YOUR INDUSTRY
Twins Grant (L) and Brent (R) Tennet
Tauranga twins Brothers’ lifetime in citrus and plum trees By Geoff Lewis. Photos by Trefor Ward Deep among the shelterbelt canyons of Te Puna near Tauranga is a tale of two brothers who provide many New Zealand gardens with citrus and plum varieties. Grant and Brent Tennet are identical twins. Born in Feilding, the boys had come north with the family in the early 1970s, and after high school both took up four-year, 8,000-hour apprenticeships in horticulture with the Tauranga City Council's parks and reserves department before establishing their own horticultural enterprise. Brent had spent more time working in a citrus nursery while Grant had a more general background. They bought a 5ha block on Snodgrass Road which had been a dairy farm – all pasture and not a tree in sight – and established what is now Copperfield Nurseries Ltd which was first registered with the Ministry of Agriculture and Fisheries (now the Ministry for Primary Industries) in 1975. The operation grew trees for other people, garden centres and orchardists, and took about five years to get off the
ground. Initially it focused on shelterbelt trees before building up its stocks of fruit trees and moving to specialise in citrus. Back in the 1970s citrus was an important industry in the Western Bay before the take-over of kiwifruit, and more recently, avocados.
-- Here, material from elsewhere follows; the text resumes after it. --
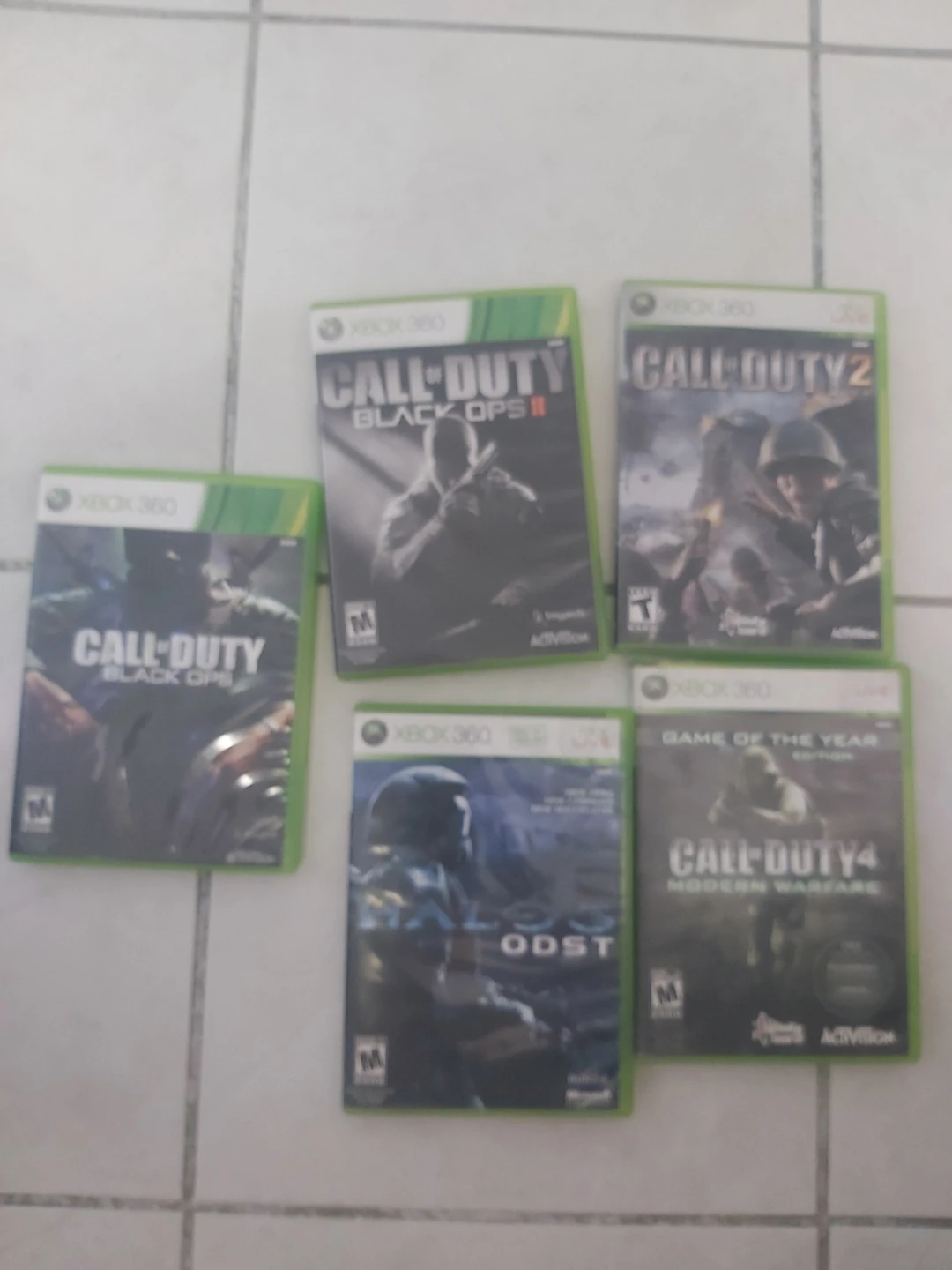 This bundle includes an Xbox 360 console, several Call of Duty games, and multiple controllers. Games include Call of Duty: Black Ops II, Call of Duty 2, Call of Duty: Black Ops, Call of Duty 4: Modern Warfare, and Call of Duty: ODST. It's a great collection for any gamer! White xbox is missing cords other than that works fine

It was a tough job for a couple of young guys to get into the market selling to existing orchardists and garden centres, and a matter of building up contacts and credibility. Citrus comes in more than 50 varieties. Grant and his wife Sharon at Copperfield produce seven varieties of lemons, six varieties of grapefruit, two of tangors and tangelos, 12 varieties of oranges, 18 of mandarins and seven varieties of limes. There are the popular sorts – about 7,000 Meyer lemons a year along with easy-peel mandarins and early fruiting Satsuma. But there are also more rare varieties which have developed popularity as New Zealand's culinary tastes have become more sophisticated.